***** RECORDS FOR THIS EXERCISE
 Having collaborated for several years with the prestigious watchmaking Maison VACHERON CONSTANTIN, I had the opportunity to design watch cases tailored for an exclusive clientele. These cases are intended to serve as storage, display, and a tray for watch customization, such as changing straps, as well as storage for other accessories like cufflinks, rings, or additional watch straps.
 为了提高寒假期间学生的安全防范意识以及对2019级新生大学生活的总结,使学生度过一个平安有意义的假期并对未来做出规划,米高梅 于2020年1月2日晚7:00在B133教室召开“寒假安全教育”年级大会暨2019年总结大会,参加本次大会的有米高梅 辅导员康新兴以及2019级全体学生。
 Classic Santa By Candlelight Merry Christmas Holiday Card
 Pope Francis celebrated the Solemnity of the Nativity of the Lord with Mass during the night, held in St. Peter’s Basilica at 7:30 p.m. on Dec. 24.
**********
***** RECORDS FOR THIS EXERCISE
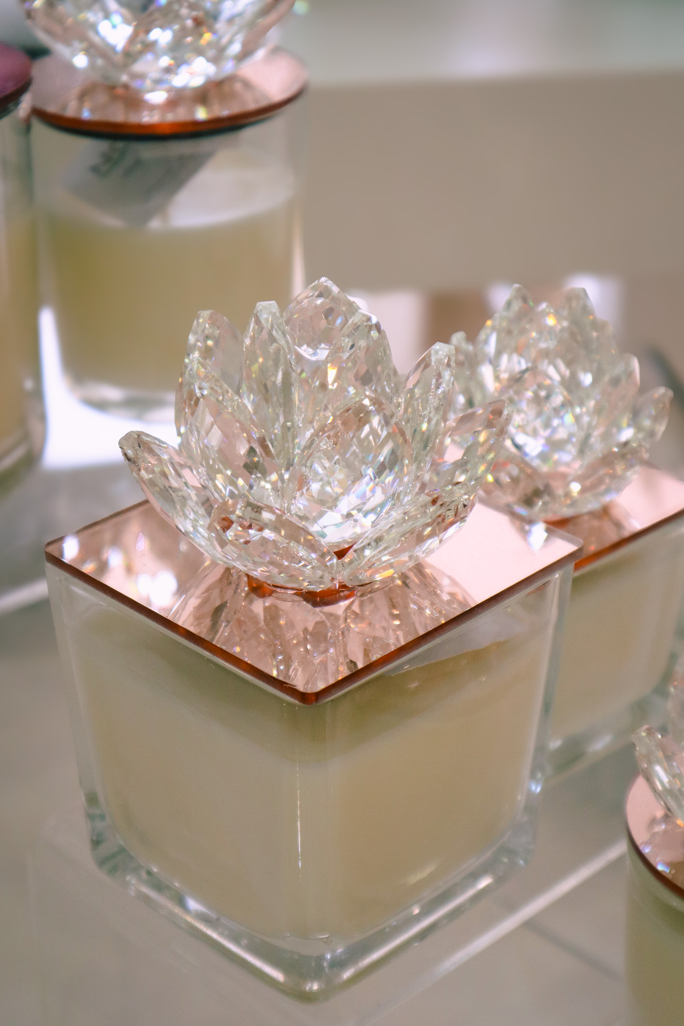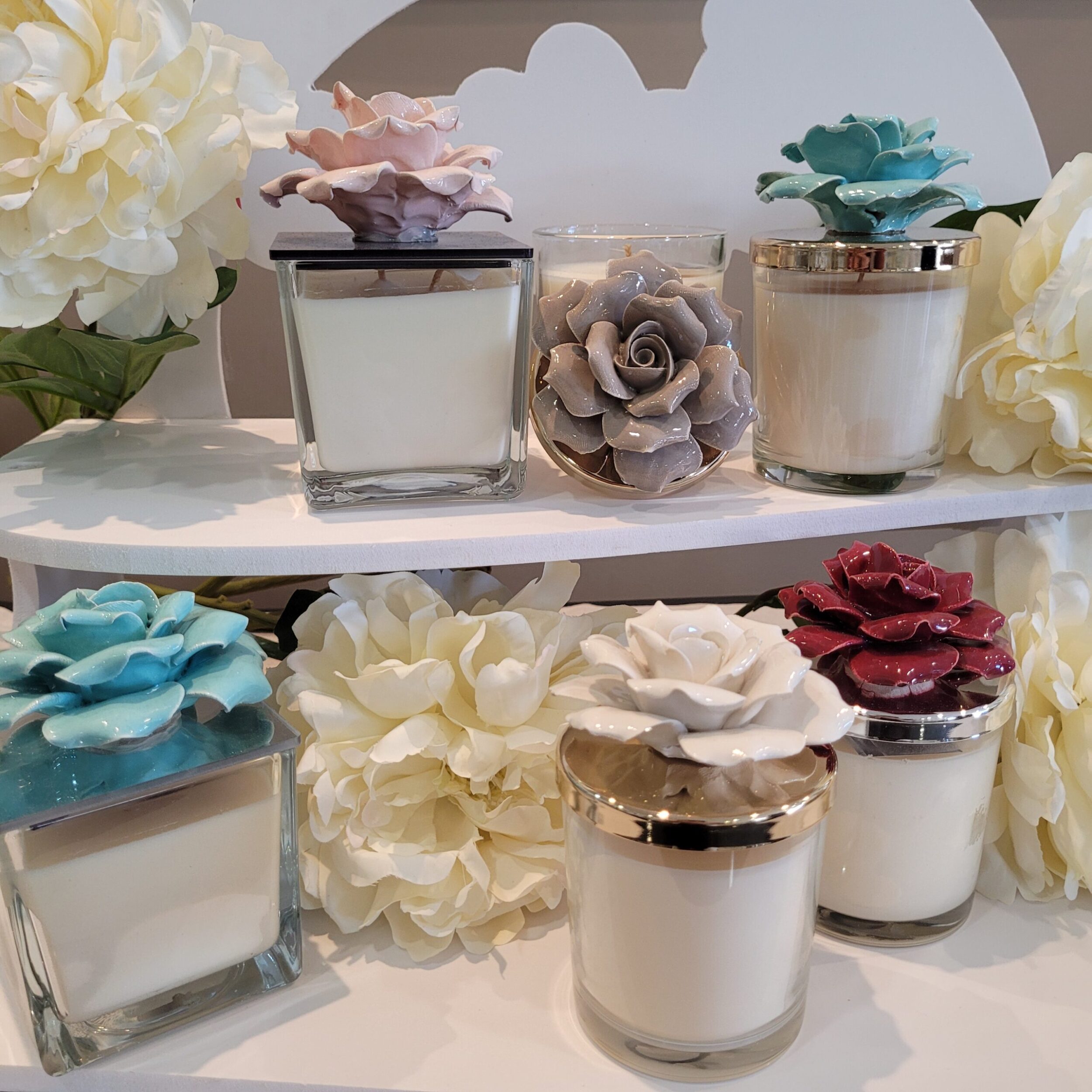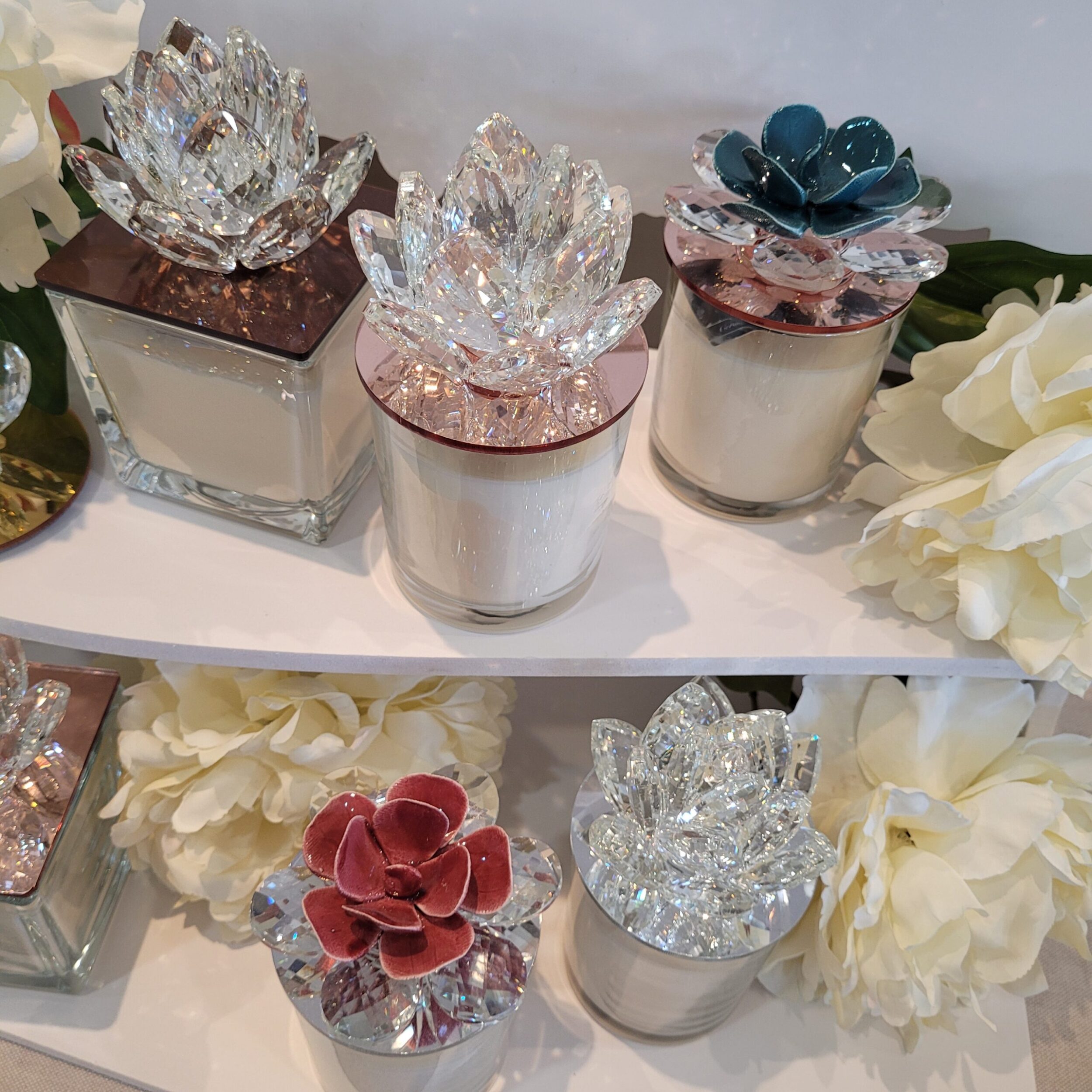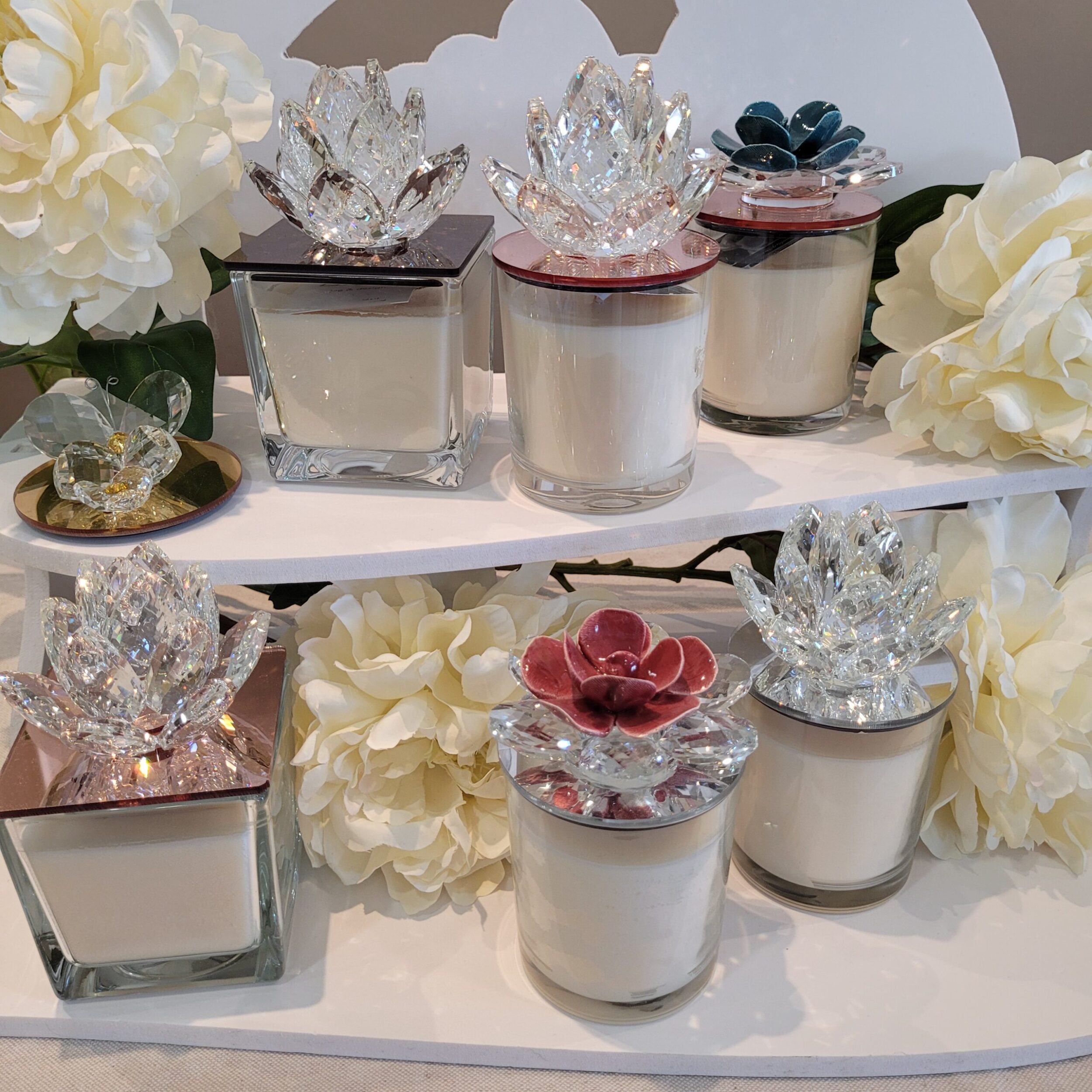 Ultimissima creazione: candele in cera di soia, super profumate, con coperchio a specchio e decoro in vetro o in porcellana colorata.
**********
## WHAT IS REQUIRED
Please make an exact copy of the lines above from the line with "Classic Santa By" through the line with "Pope Francis celebrated", both ends included.

## RESULT OF THIS TASK
 Classic Santa By Candlelight Merry Christmas Holiday Card
 Pope Francis celebrated the Solemnity of the Nativity of the Lord with Mass during the night, held in St. Peter’s Basilica at 7:30 p.m. on Dec. 24.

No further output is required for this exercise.